Don't give up on your little guy yet...he may turn out okay.


----------



## -MK- (Sep 4, 2009)

I'm not sure which species you have, but many of my Chinese have changed from green to brown. Of the three that died nearing adulthood, two were brown and one was green. The brown sub-adults I have now seem to be doing great.

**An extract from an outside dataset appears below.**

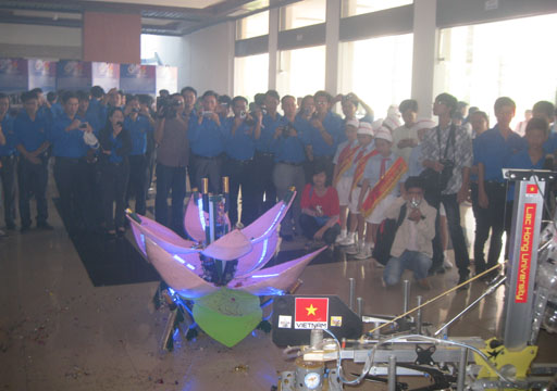 Robot bắn pháo trình diễn tại lễ khai mạc triễn lãm và lễ tuyên dương

I had one who was on the verge of death and could barely move, but would still gobble up the honey I fed him like he really wanted to live. Good luck with your little guy! They do sometimes make a comeback.


----------



## cybereyes (Sep 4, 2009)

-MK- said:


> I'm not sure which species you have, but many of my Chinese have changed from green to brown. Of the three that died nearing adulthood, two were brown and one was green. The brown sub-adults I have now seem to be doing great.I had one who was on the verge of death and could barely move, but would still gobble up the honey I fed him like he really wanted to live. Good luck with your little guy! They do sometimes make a comeback.


Well unfortunately he didn't make it. I wish there was something more that I could have done. I dreamed about it all last night and had a dream that I woke up and he had finally just molted and was doing fine. He had come out of his molt bright green and with wings and kept flying around. Then I actually did wake up and he was gone.  Rest in peace little guy.


----------



## agent A (Sep 4, 2009)

-MK- said:


> They do sometimes make a comeback.


like Mr. Nervous, who then died of starvation cause my dad wouldn't bring me to get ff's :angry:


----------



## spicey (Sep 4, 2009)

cybereyes said:


> Well unfortunately he didn't make it. I wish there was something more that I could have done. I dreamed about it all last night and had a dream that I woke up and he had finally just molted and was doing fine. He had come out of his molt bright green and with wings and kept flying around. Then I actually did wake up and he was gone.  Rest in peace little guy.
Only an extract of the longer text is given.